Él sonrió, pero esta vez fue una sonrisa más íntima. Ahora todo depende de lo que tú quieras. Mariela lo miró con una mezcla de emoción y nervios. Yo quiero seguir contigo. No quiero esconder lo que siento. Leandro acercó su frente a la de ella. Tampoco yo. Mariela cerró los ojos, dejando que la calidez del momento la envolviera.
Él deslizó su mano por su mejilla y la acercó suavemente hasta que sus labios se encontraron de nuevo en un beso lento, profundo, lleno de una fuerza emocional que no necesitaba palabras. No era un beso apresurado ni impulsivo, era un beso que sellaba algo real. Cuando se separaron, ambos respiraban agitados.

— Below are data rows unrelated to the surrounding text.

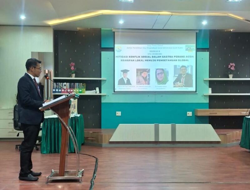 Banda Aceh—Akademisi USK yang juga budayawan Aceh, Herman RN, berhasil menyelesaikan studi doktoral pada Program Studi Doktor Pendidikan Ilmu Pengetahuan Sosial (DPIPS) Sekolah Pascasarjana Universitas Syiah Kuala. Kelulusan tersebut diumumkan dalam sidang promosi doktoral DPIPS, Selasa (21/04/2026) di Auditorium Pascasarjana USK.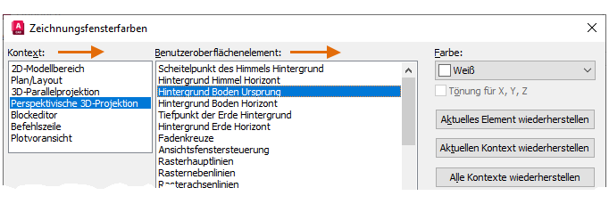 Anmerkung: Um schnell zu den vorgegebenen Farbeinstellungen zurückzukehren, öffnen Sie das Dialogfeld Zeichnungsfensterfarben und klicken auf Alle Kontexte wiederherstellen auf der rechten Seite des Dialogfelds Zeichnungsfensterfarben.
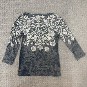 Vanilla Sugar Shirt Small 3/4 Sleeves V Neck Cotton Blend Tattoo All Over Print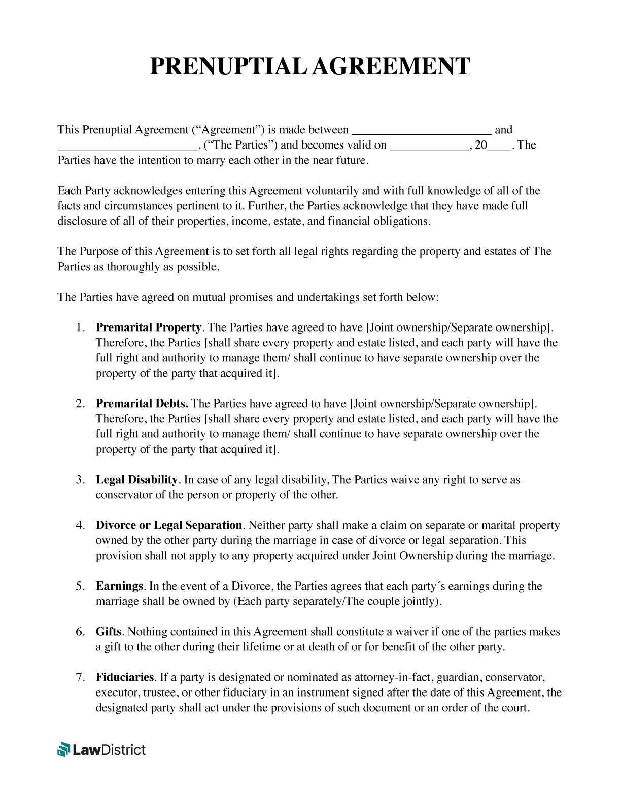 Free Prenuptial Agreement Template PDF U0026 Sample LawDistrict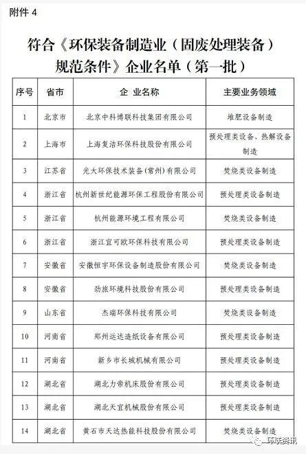 4.符合《環(huán)保裝備制造業(yè)(固廢處理裝備)規(guī)范條件》企業(yè)名單(第一批)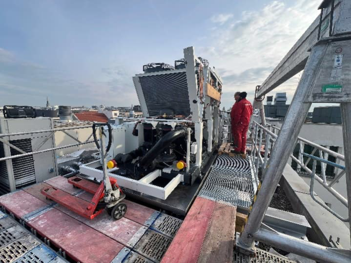 Eine besondere Herausforderung war die zerlegte Einbringung der Kältemaschine über einen Gerüstaufzug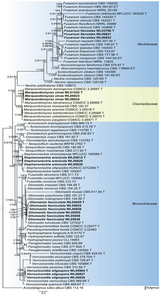 Analyses of the hypocrealean fungal phylogeny were conducted by using a combined LSU (875 bp), ITS (634 bp), tef1 (849 bp) and rpb2 (908 bp) dataset. For the BI analysis, the GTR+I+G model was selected for the LSU, ITS and rpb2 loci, while the GTR+G model was used for the tef1 locus. The phylogeny showed that our five new species were clustered into five genera in three families (Bionectriaceae Samuels & Rossman, Clavicipitaceae (Lindau) Earle, and Nectriaceae Tul. & C. Tul.), namely Fusarium flavoides, Gliomastix fasciculata, Marquandomyces ulvae, Stephanonectria arenicola, and Verruciconidia oligospora (Figure 1). In order to provide a more accurate illustration of the genetic relationships between the five new species and other species within the same genus, phylogenetic analyses were conducted for each genus based on multi-locus datasets (Supplementary Figure S1).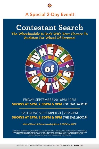"Wheel of Fortune" audition shows are scheduled to take place from 6 p.m. until 10 p.m. Friday, Sept. 20, and from 2 p.m. to 6 p.m. Saturday, Sept. 21 inside the Graton Resort & Casino Ballroom, 288 Golf Course Dr. West in Rohnert Park.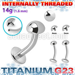 Titanium G23 Internally Threaded Floating Belly Convex Labret with 4mm and 5mm Half Ball Shaped Top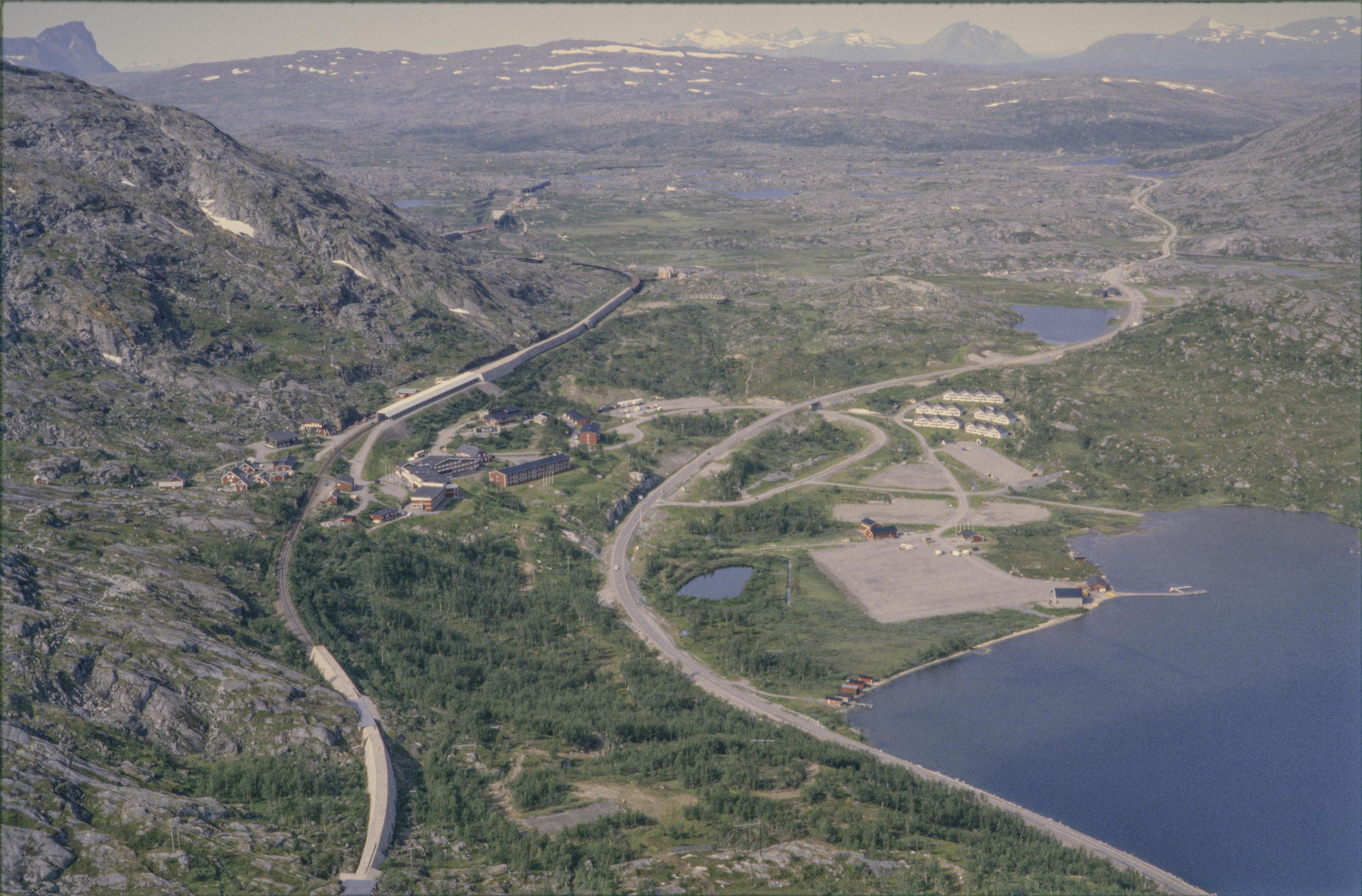 Beskrivning: Anmärkning (övrig): Riksintresse-nr/namn: BD36 - Torneträskområdet - Ofotenbanan. Socken: Jukkasjärvi. Motivering: Järnvägsmiljö längs med Ofotenbanan, som är en viktig del i länets industri- och teknikhistoria och landets första, längre elektrifierade bana. Ofotenbanan förde med sig att gruvnäringen fick ett uppsving och att turismen kunde utvecklas i området. - Uttryck för riksintresset: Malmbanan och de lämningar som arbetet med denna gett upphov till; stationsbyggnader, materielväg, grunder och kyrkogård efter anläggarsamhällena vid Tornehamn och Katterjåkk, några äldre hus, grunder efter lokstall, hus, hotell och pumpstation bl a vid Riksgränsen. - I området ingår även: Sjangeli, koppargruva från 1600-talet och Kuokkel, koppargruva från slutet av 1800-talet. [Texten uppdaterat av Riksantikvarieämbetet våren 2013.] Beskrivning: Riksgränsen by, vintersportort och järnvägsstation öster om gränsen mellan Sverige och Norge. Järnvägen Ofotbanen (Ofotbanan / Malmbanan) i bildens vänstra del, och till höger väg E10. Nere till höger boplats RAÄnr Jukkasjärvi 370:1 vid västra ändan av sjön Vassijaure (Vássijávri). Bilden är tagen mot (väderstreck): V Fotosyfte: Flygbildsdokumentation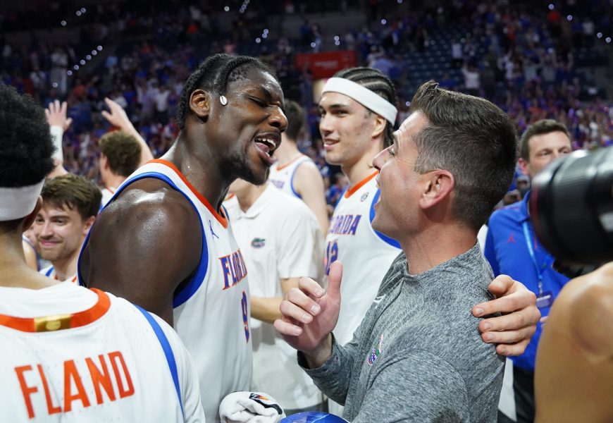 Both lopsided wins came with home-court celebrations. Florida handed out hats and T-shirts and cut down nets after securing at least a share of the SEC title against the Razorbacks. SEC Commissioner Greg Sankey presented the team the trophy before facing the Bulldogs. The two hours that followed essentially served as a victory parade and ended with players lifting Golden into the air after No. 100.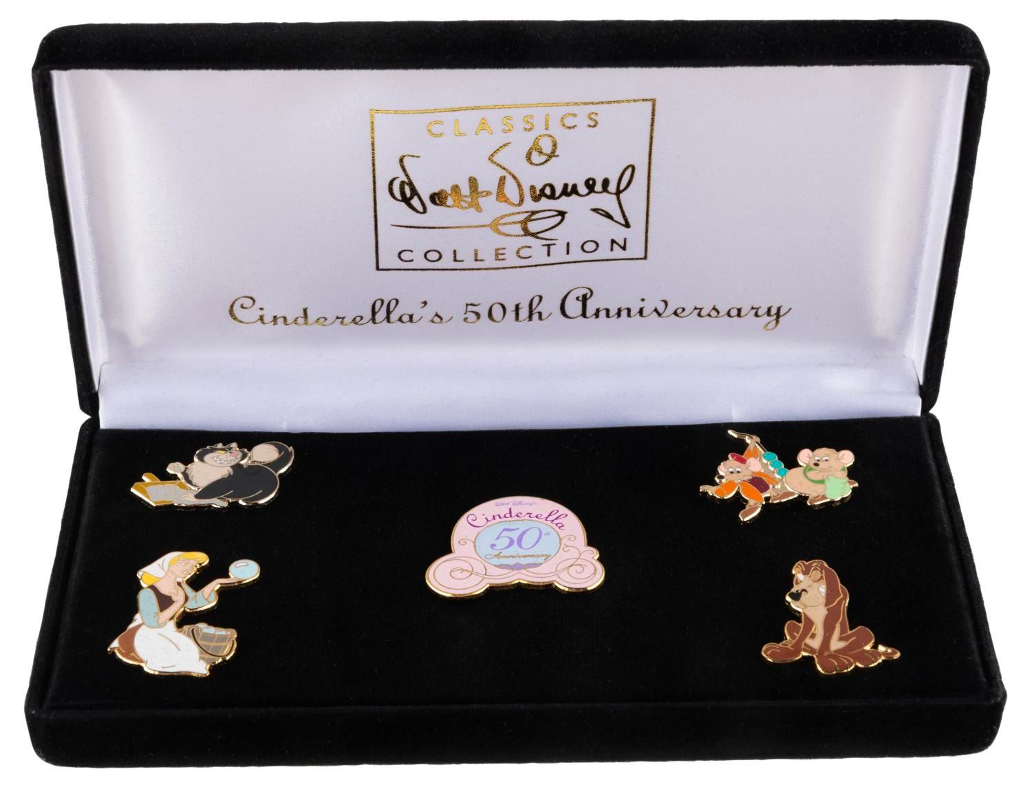 (WDCC, 2000) A Walt Disney Classics Collection set of five "Cinderella" pins, given as a gift with purchase of a sculpture for the film's 50th anniversary celebration. Included are Cinderella, Lucifer, Jaq, Gus Gus, Bruno, and an anniversary logo on the iconic pumpkin carriage. The set comes with its original box and is in very good condition with light wear.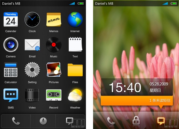 Számos pletykát lehetett már hallani arról, hogy az eredetileg Apple iPhone másolatnak szánt, ám a két éves fejlesztési ciklus alatt sokat finomodott, Windows CE alapokon nyugvó Meizu M8 augusztusban egy nagyszabású szoftverfrissítést kap, mely várhatóan több új funkcióval és számos téren megváltoztatott kezelőfelületi elemekkel érkezik. Az alant látható képek tanúsága szerint a gyártó továbbra is szeret vonzó ötleteket kölcsönvenni a konkurenciától. A jövőre érkező, várhatóan hasonló kezelőfelülettel rendelkező Meizu M8 3G változata az első információk szerint nem a gyártó teljesen átdogozott Windows CE platformját fogja kapni, hanem a Google Android rendszerén nyugszik majd. További információk és képek aMiezu hivatalos információs oldalán találhatóak.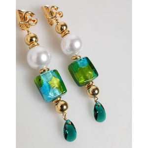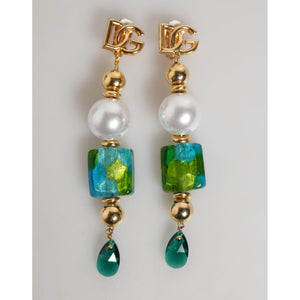 Dolce & Gabbana Gold Brass Multicolour Pearl Green Blue Drop Logo DG Earrings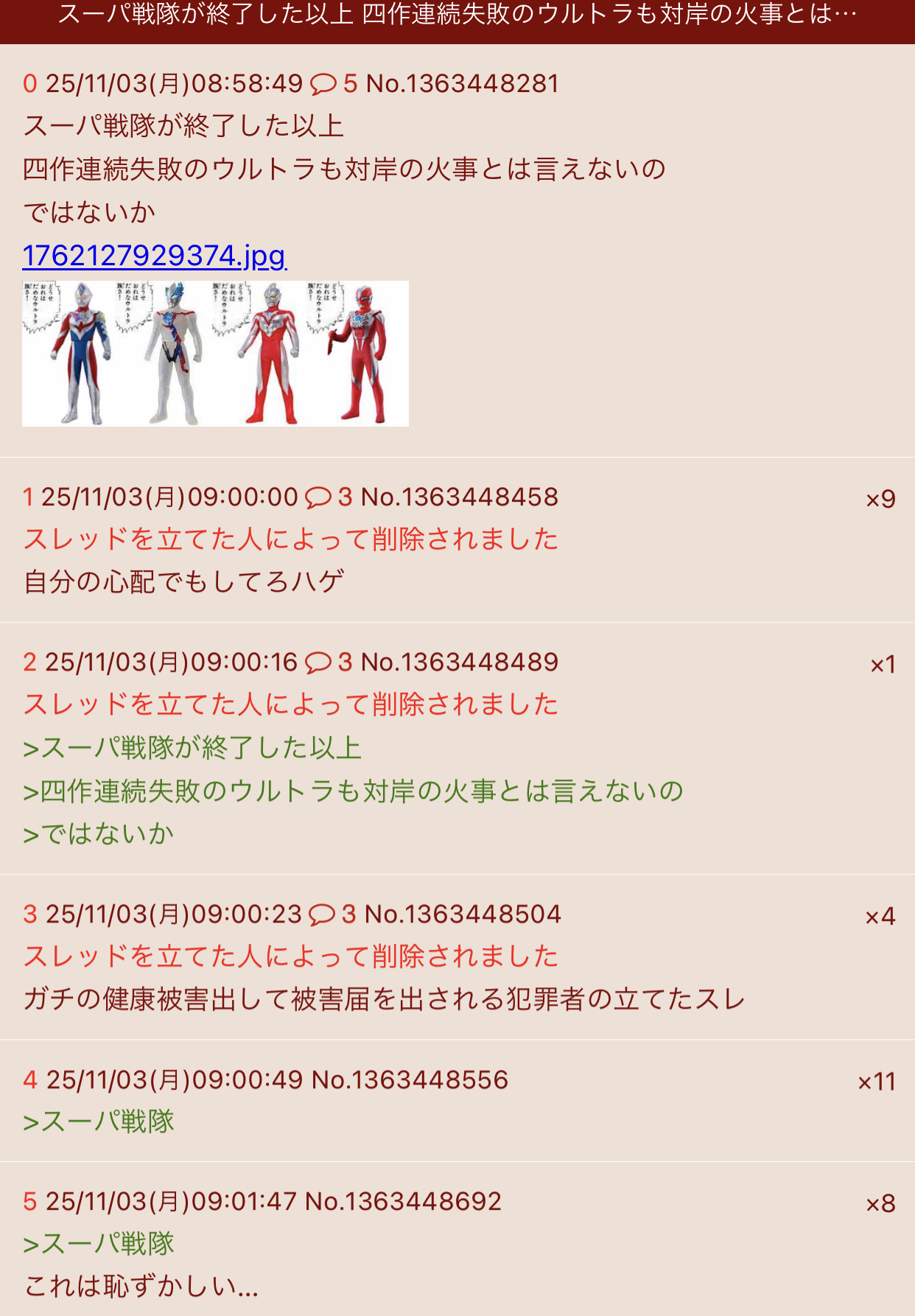 | … | 7無念Nameとしあき25/11/03(月)09:02:47No.1363448809そうだねx15>スーパ戦隊  |

“No sabes cuánto he esperado esto”, susurró él. “Yo también”, respondió ella con una sonrisa tímida. “Nunca pensé que un día así terminaría así.” Leandro rió suavemente. “Y lo que viene probablemente será aún mejor.” Mariela lo abrazó. Por primera vez en mucho tiempo sintió que estaba exactamente donde debía estar.
Días después, la empresa anunció oficialmente el lanzamiento del proyecto de comunicación inclusiva con Mariela como directora provisional mientras se completaban los trámites. Marco se convirtió en un colaborador cercano y los empleados que alguna vez la subestimaron ahora la trataban con respeto genuino.
Rocío renunció antes de enfrentar el proceso legal y desapareció sin despedirse. Ninguno la extrañó. El proyecto avanzó con éxito y las tensiones internas se diluyeron lentamente. La empresa cambió, los equipos cambiaron, pero nada cambió tanto como Mariela. Había pasado de ser un rostro anónimo a convertirse en el centro de una transformación completa.
Un día, mientras revisaba documentos en su nueva oficina, Leandro entró sin tocar con una sonrisa que ya se estaba volviendo familiar. ¿Lista para nuestra cena?, preguntó. Ella asintió sonrojándose un poco. Sí, solo déjame guardar esto. Él se acercó y le dio un beso en la frente. No sabes lo feliz que me hace verte aquí, murmuró.
Te lo ganaste todo, Mariela. Lo que eres, lo que haces, lo que sientes. Ella tomó su mano entrelazando los dedos. Y tú me ayudaste a creer en mí. Leandro sonrió con ternura. En realidad, tú solo necesitabas que alguien te lo recordara. Mariela lo miró con brillo en los ojos y supo, sin ninguna duda, que su vida había cambiado para siempre.